A new study describes the testing of the device on a 47-year-old woman with quadriplegia who was unable to speak for 18 years after suffering a stroke. Doctors implanted the device in her brain during surgery as part of a clinical trial.
"It converts her intention to speak into fluent sentences," said Gopala Anumanchipalli, co-author of the study published Monday in the journal Nature Neuroscience.
Other brain-computer interfaces (BCIs) for speech often have a slight delay between thoughts of sentences and their computerized verbalization. These delays can disrupt the natural flow of conversation, leading to misunderstandings and frustration, according to researchers.
"It's a pretty significant advance in our field," noted Jonathan Brumberg from the Speech and Applied Neuroplasticity Lab at the University of Kansas, who was not involved in the study.
A team in California recorded the woman's brain activity using electrodes as she mentally articulated sentences. Scientists used a synthesizer they built with her pre-injury voice to generate speech sounds similar to what she would have produced. They then trained an artificial intelligence model to translate neuronal activity into sound units.
It works similarly to existing systems that transcribe meetings or phone calls in real time, explained Anumanchipalli from the University of California, Berkeley.
The implant is placed over the speech center in the brain to capture signals, which are then translated into speech fragments forming sentences.
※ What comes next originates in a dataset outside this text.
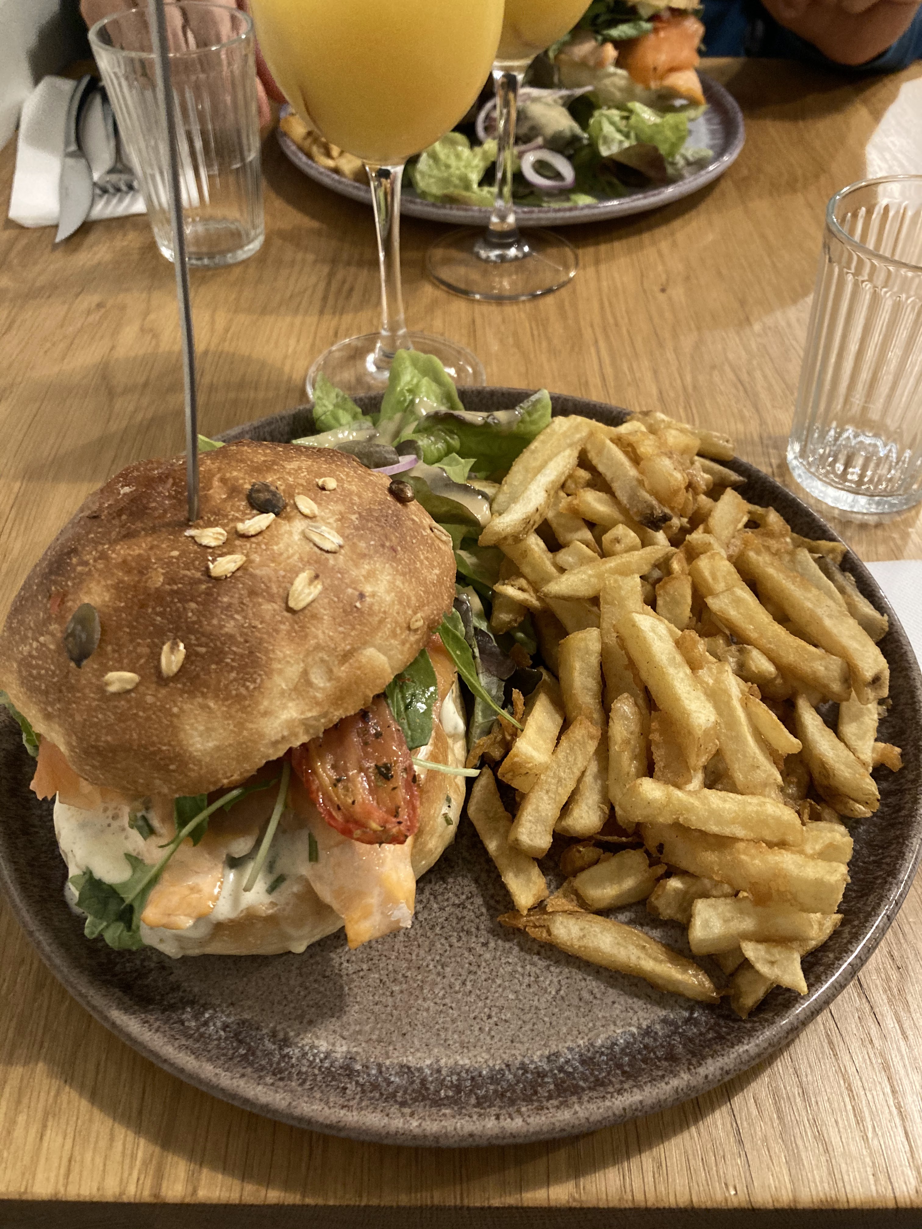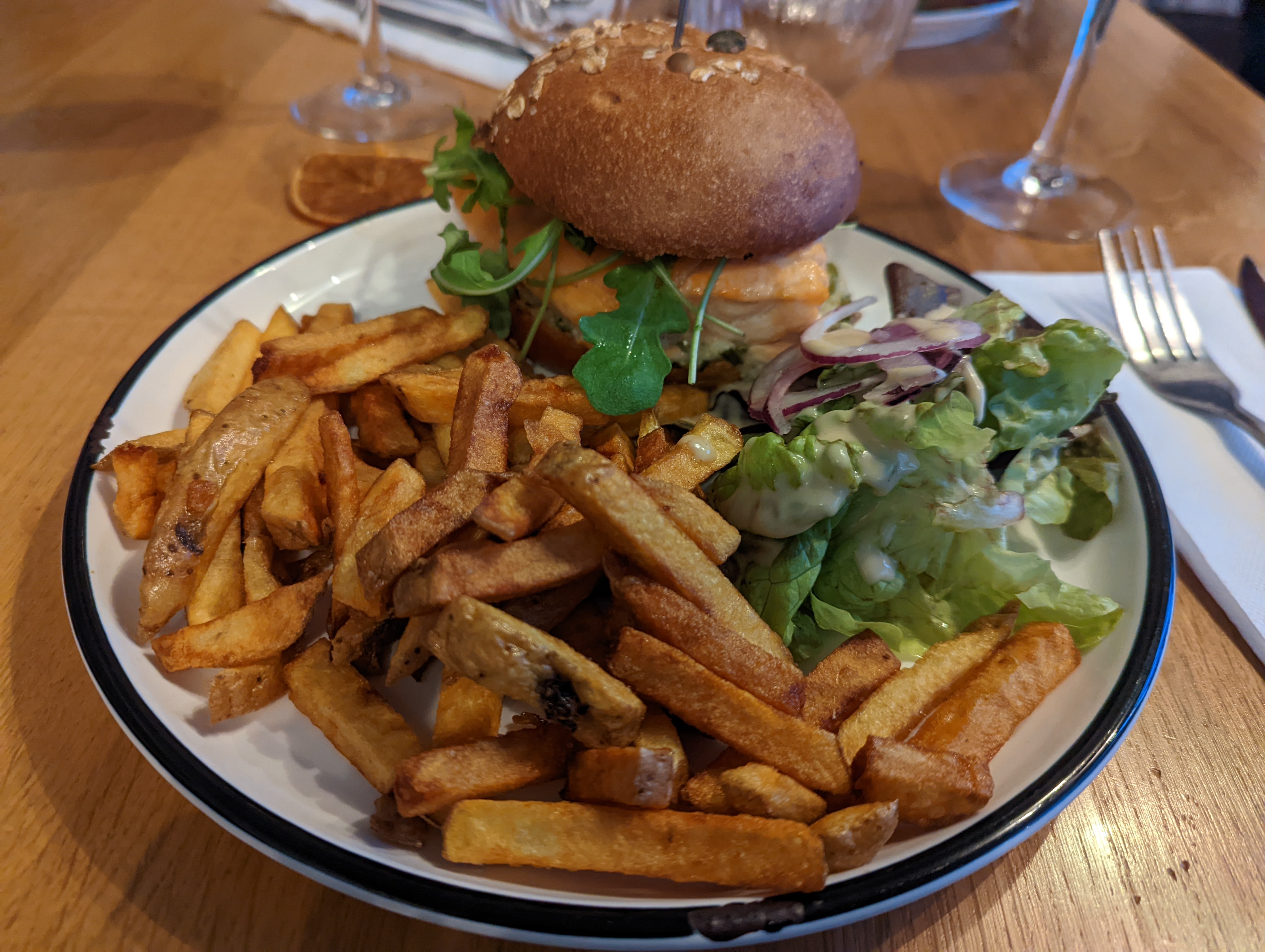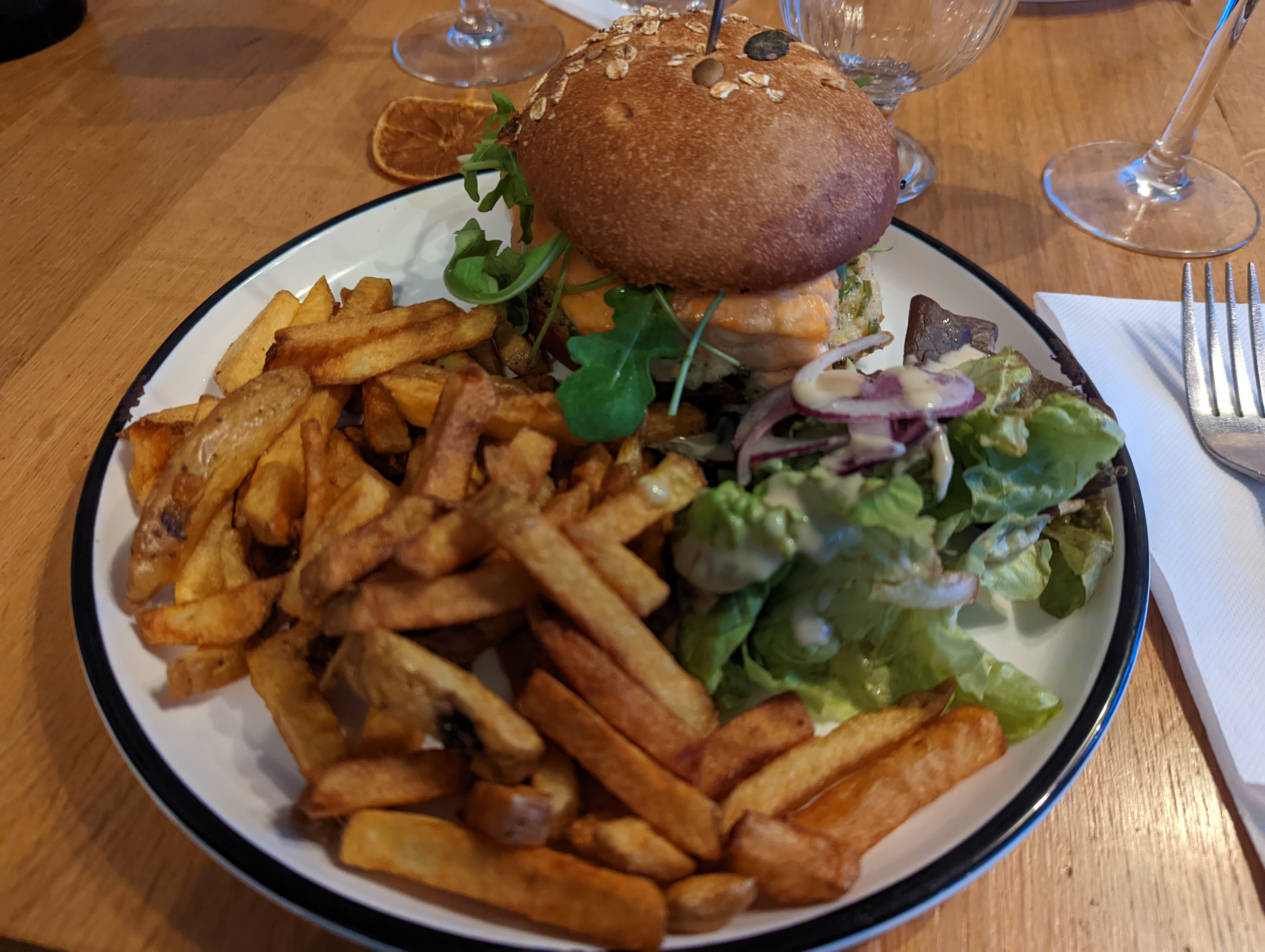 De passage à Dinan , nous avons déjeuné dans ce restaurant. La deco est très réussie ; le personnel est sympathique. Le burger saumon était délicieux tout comme le cheesecake (qui n’était pas trop sucré 👍) .

It is a "real-time" approach, noted Anumanchipalli, where each 80-millisecond speech fragment - approximately half a syllable - is sent to a recorder.
"It doesn't wait for a sentence to finish," Anumanchipalli explained. "It processes on the fly".
Decoding speech so quickly has the potential to maintain the fast pace of natural speech, said Brumberg. Additionally, using voice samples "would be a significant advancement in the naturalness of speech".
Although the work was partially funded by the National Institutes of Health (NIH), Anumanchipalli assured that it was not affected by recent NIH research cuts. More research is still needed before the technology is ready for widespread use, but with "sustained investments," it could be available for patients within a decade, he claimed.